Но какую бы сложную конституцию для роботов мы ни написали, всегда останется вероятность, что искусственный интеллект все равно сможет совершать какие-то нежелательные действия. Поэтому здесь идет динамический процесс выявления проблем, угроз и поиска способов борьбы с ними. Вряд ли в этой области найдется универсальное решение, чтобы раз и навсегда закрыть проблему контроля поведения и воспитания искусственного интеллекта. 

— Чем принципиально отличается мышление человека и мышление искусственного интеллекта? На основании чего принимаются решения?

— Есть принципиальная разница в механизме. У человека интеллектуальная деятельность всегда сопровождается сознанием, эмоциями, желаниями и волевыми усилиями. Человеческий интеллект неотделим от человеческой личности. А функционирование искусственного интеллекта — это работа некоторой вычислительной машины, которая старается правдоподобно воспроизвести способы и результаты работы человеческого интеллекта в аналогичных ситуациях. При этом задачи подробной имитации человеческого мозга или детального процесса человеческого мышления пока еще очень далеки от решения. У искусственного интеллекта, на сегодня по крайней мере, нет сознания и самосознания. У ИИ нет личности. Он ничего не хочет, ни о чем не мечтает, никого не любит и никого не ненавидит. ИИ — это просто программа в машине.

— Почему тогда нам кажется, что он ведет себя как человек, чего-то хочет, может быть опасен?

— Мы в целом склонны анимизировать мир. Как первобытный человек видел и слышал проявления чего-то живого и разумного во всех явлениях природы, так и мы тем более готовы считать одушевленным все, что имитирует действия человека. На самом деле, как мы уже обсуждали, сегодня в ИИ личности нет. Когда говорят про сильный искусственный интеллект, имеется в виду просто универсальность решения задач. Слабый искусственный интеллект решает частные задачи: отдельно — компьютерное зрение, отдельно — работа с естественным языком, отдельно — управление роботом. А сильный искусственный интеллект — это общие способности, которые позволяют решать задачи широкого спектра. Но за этим не стоит личность, не стоит сознание.

Что собой представляет генеративная языковая модель? Это очень простая вещь. Она, конечно, сложно реализована, но сама по себе идея очень простая. Это модель, которая выучила вероятность того, как порождается следующий токен (следующее слово) в последовательности токенов. А последовательность эта может с равным успехом содержать текст научной или журнальной статьи, химические или математические формулы, компьютерную программу или ряд команд, управляющих роботом. Отсюда и универсальность. При этом нельзя сказать, что за процессом искусственной генерации этих символьных последовательностей действительно скрывается некоторое «мышление». Однако как раз за счет выученных больших данных поведение и рассуждения человека могут вполне успешно имитироваться такими моделями, что мы и наблюдаем и чему склонны верить до степени «одушевления».

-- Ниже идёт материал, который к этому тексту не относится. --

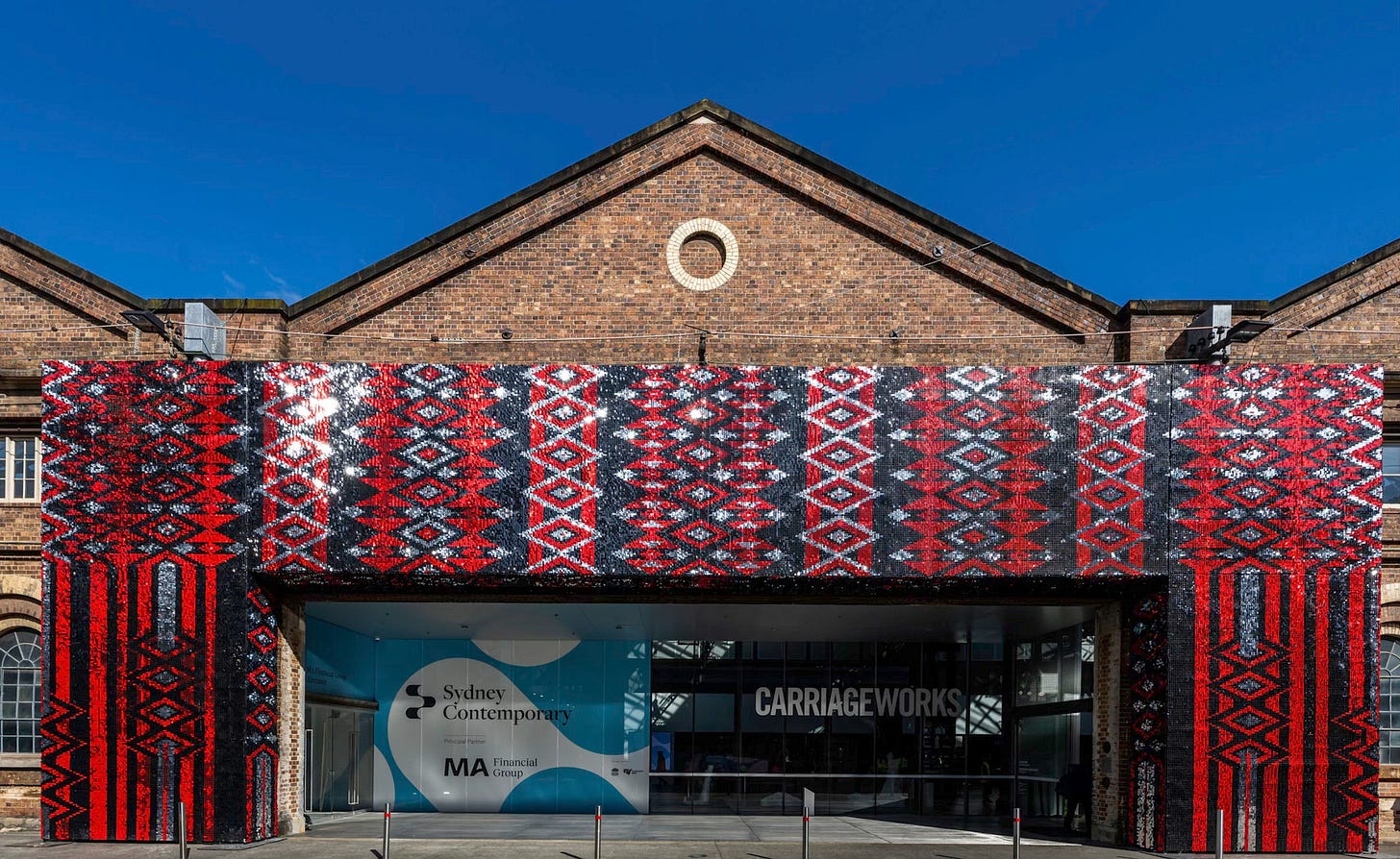 With hundreds of others, I stood at the entrance of the Sydney Contemporary Art Fair last Wednesday, at the conclusion of the VIP preview, watching the rain pour down in torrents. Were the angry Gods passing judgement on this year’s offerings? We can go a long time without rain in Sydney, but when it arrives, it comes down like a tsunami.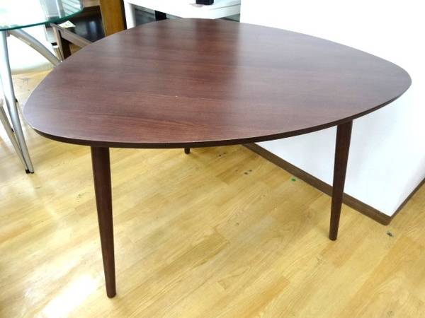 テーブルは脚が3本の丸みを帯びた三角形の形。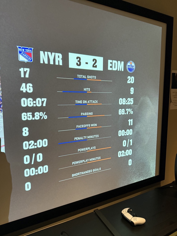 New York Rangers (Heimopäällikkö) voitti Edmonton Oilersin (Kuningas Fredi) tiukassa ottelussa jatkoajalla numeroin 3–2 Mouho 2026 -liigan Tammisen Pekat -konferenssissa. Edmonton hallitsi laukauksia (20–17), mutta Rangers pelasi fyysisesti, tehden peräti 46 taklausta. Ottelu ratkesi jatkoajalla, voittajalle Elo-pisteitä +14.
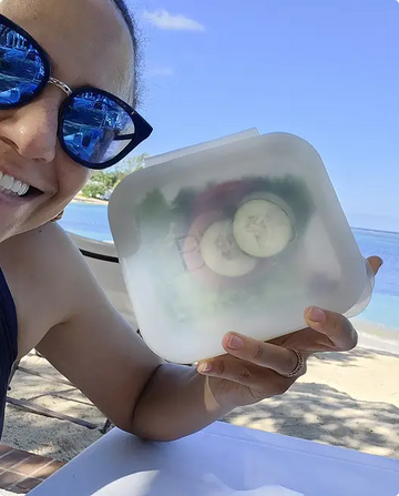 Sleek 34oz premium silicone container. Collapses to one-half, attached lid, withstands extreme temps from freezer to oven waste-free.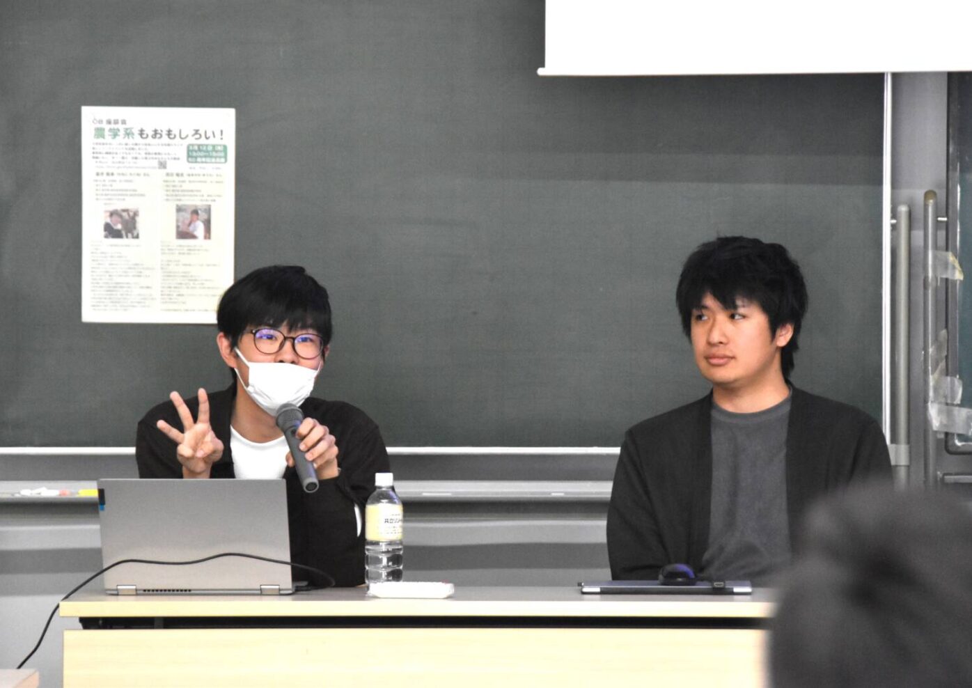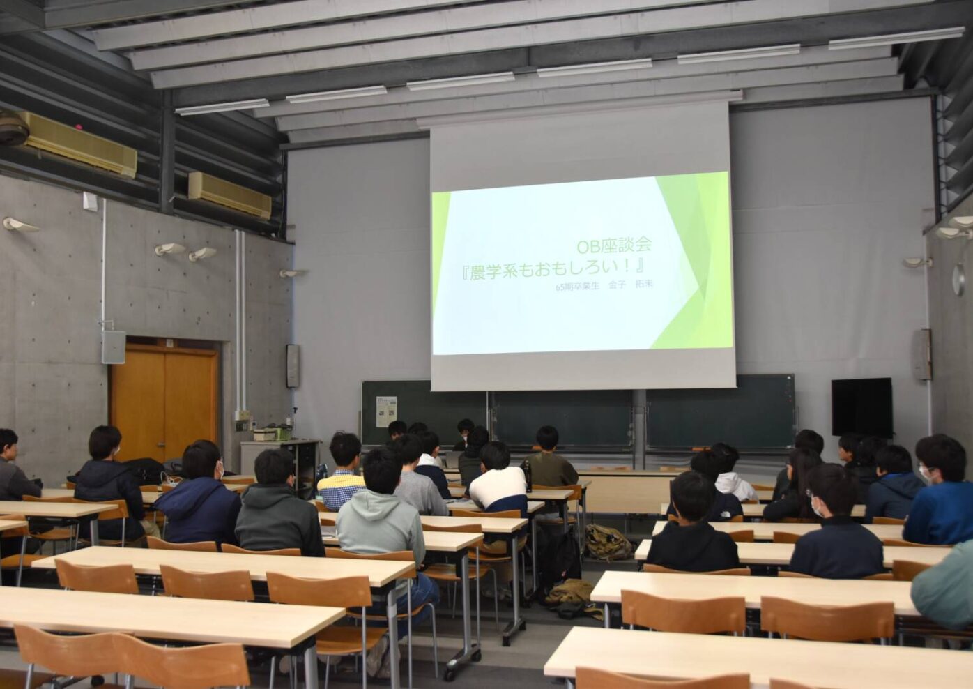 3月12日、今年の春に大学院を修了して4月から社会人になる農学系の先輩2名をお招きし、OB座談会「農学系もおもしろい!」を開催しました。中1から卒業したての高3まで計29名が参加しました。1人目は65期OB金子拓未さん。東京大学で森林科学をご専門として大学の演習林で樹木の芽生えやコケにつく微生物などをご研究されていました。2人目は68期OB天川裕太さん。東京大学で農業農村工学をご専門とし、水田の土壌や水の動態についてご研究されていました。農学と一口に言っても環境とヒトとの関わりを研究する幅広い分野であることや、何にでもぶつかってチャレンジしていくことの大切さについて熱弁してくれました。フロアからもたくさんの質問が出て、研究のみならずリアルな大学生活についてもたくさんお話いただきました。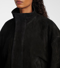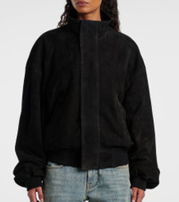 With contemporarily innovative styles, Balenciaga makes ready-to-wear that is perfect for everyday occasions. This jacket is crafted from suede and features a high neck and concealed snap and zip closure. Product Details - Material: 100% lamb leather (suede) - Care instructions: specialist clean - Made in Turkey - Designer color name: Black - Item color: black - Trim: 89% cotton, 9% polyamide, 2% elastane - Lining: 100% cotton - Pocket lining: 100% cotton - Embroidery: 100% polyester - Contains non-textile parts of animal origin - Cuff: ribbed - Pockets: buttoned pockets - Closure: zipper, snap-button fastenings - Hem: ribbed - Item number: P01092749 Size & Fit - True to size - Extra-long sleeves - Dropped shoulders - Designed for a loose fit - Elasticated hem - Non-stretchy fabric - Falls to the hip - The model seen in the picture is 178cm-5'10" and wearing a size XS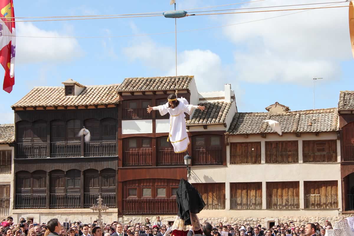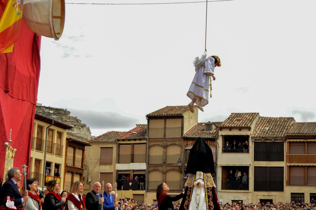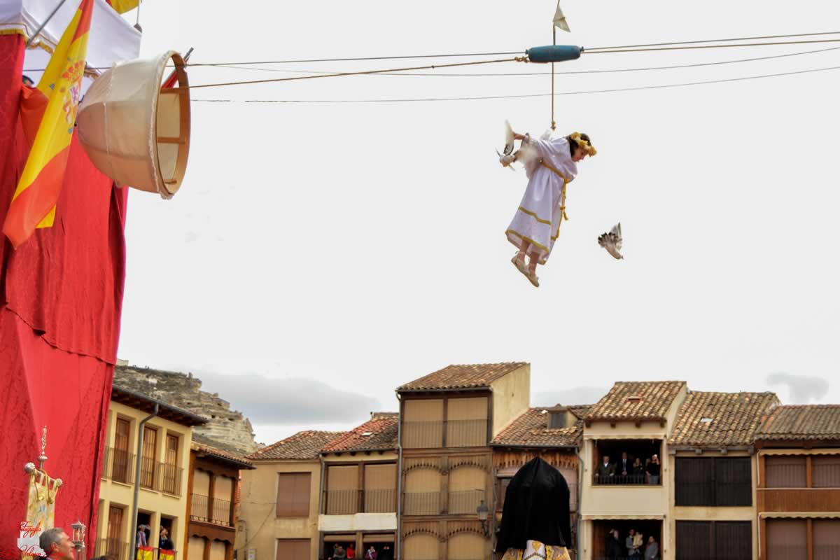 En Peñafiel, Valladolid, un pueblo español situado en el corazón de la Ribera del Duero de Castilla León, bajo la atenta mirada del imponente castillo que corona la colina con forma de barco, se celebra cada Domingo de Resurrección (5 abril 2026) una de las tradiciones más emotivas y singulares de la Semana Santa castellana. Es la representación del momento en que un ángel-niño desciende de los cielos para revelar a la Virgen María la Resurrección de su hijo, un espectáculo que congrega a miles de personas en la legendaria Plaza del Coso de Peñafiel.

— Получается, что искусственный интеллект — это такой студент, который вызубрил, но не совсем понял материал, а то, что знает, не может применить на практике?

— В отличие от студента искусственный интеллект способен запомнить гораздо больший объем примеров, он даже способен их обобщить. А человек принципиально по-другому обучается: он просто не может хранить и реально использовать такой объем примеров. Научить человека на гигантском количестве примеров, например фрагментов программного кода, ничего не объяснив ему о языке и приемах программирования, невозможно. Но именно так сегодня и учатся большие языковые модели. ИИ показывают большое количество примеров кода, и он учится программировать. В этом смысле не только способы мышления, но и способы обучения у человека и ИИ пока принципиально различаются.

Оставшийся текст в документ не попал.